Объятый подобного рода сомнениями в столь знаменательный день и действуя в соответствии с пословицей: доверься деве пресвятой и не спеши (происхождение ее до сих пор не могли установить в нашей христианнейшей стране), я с глубокой надеждой доверился покровительству святых, и скоро чело мое осенила тень меланхолии. Это была меланхолия, о которой только испанский либерал при настоящем положении дел мог получить приблизительное представление. Выражусь яснее. Представьте себе человека, который верит в дружбу и вдруг узнает об истинных мотивах этого чувства; представьте себе наивного юнца, влюбившегося в женщину; наследника, который лишается состояния только из-за того, что скоропостижно скончавшийся заокеанский дядюшка не успел составить завещание; представьте себе держателя акций наших кортесов; вдову, которая ожидает получения пенсии из государственной казны; депутата, избранного на предпоследних выборах; солдата, лишившегося ноги в войне за Королевский статут и в конце концов оказавшегося не только без ноги, но и без Статута; представьте себе испанского гранда, который примыкал к либералам только потому, что состоял членом Палаты знати, а затем, потеряв свой высокий пост, оказался только либералом; представьте себе генерала, сторонника конституции, преследующего Гомеса,[459] то есть, иначе говоря, вообразите себе состояние человека, который вечно гонится за счастьем, но никак не может его поймать; представьте себе редактора газеты «Мир», отбывающего в тюрьме наказание во исполнение закона о свободе печати, министра нынешней Испании или, наконец, конституционного монарха – и вы убедитесь, что все они являются существами, преисполненными чувства бурной радости в сравнении со мною в тот момент, когда меня преследовала и буквально подавляла и угнетала черная меланхолия.
Я снова и снова усаживался в кресло, которое больше походило на смертное ложе или на усыпальницу всех моих надежд, чем на обыкновенное кресло, и то вдруг хватался за голову, словно охваченный приступом лихорадки, то вдруг запускал руки в карманы, будто искал в них деньги, и мне казалось, что карманы мои – это сам испанский народ, а пальцы – это наши правительства. То я обращал взоры к небу, словно какой-нибудь либерал, которому и делать-то больше ничего не оставалось, кроме как уповать на него, то пристыженно опускал очи долу, словно при виде какого-нибудь нового мятежника. И вдруг мрачный погребальный звон, сходный с тем, который доводится слышать в дни чрезвычайных событий и происшествий, стряхнул с меня оцепенение.

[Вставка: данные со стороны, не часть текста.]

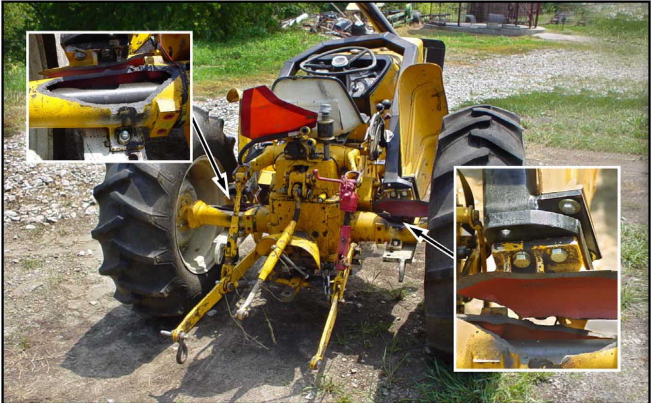
Photo 6 – Rear view of tractor with inserted photo enlargement of left and right broken axle housings.

tractor forward, the post did not budge, but the tractor's front end immediately jumped upward. The grandfather yelled for him to push in the clutch pedal, but there was no time to react or stop the overturn. The front end continued to rise and the tractor rolled over backwards, slamming to the ground and instantly killing the boy. The rollbar collapsed and failed to provide protection. It did not bend or break, but the cast iron axle housings on both sides broke, leaving large pieces of the
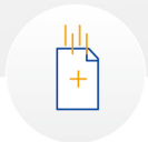
Best-in-class print speed
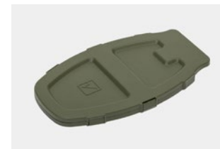
Cover for search coil, oval Item No. 8902293002

– Да ведь сегодня день поминовения усопших! – воскликнул я. Стенающая бронза колоколов возвещала своим жалобным звоном о тех, кто навсегда ушел в небытие; она звучала печальней, чем когда-либо, как будто предчувствуя свою собственную кончину. Да, колокола тоже переживают свой последний час, и печальные удары их похожи на хрипение умирающего. Они умрут на руках животворящей свободы: им суждено первыми в Испании принять смерть через повешение. А говорят еще, что есть божий суд!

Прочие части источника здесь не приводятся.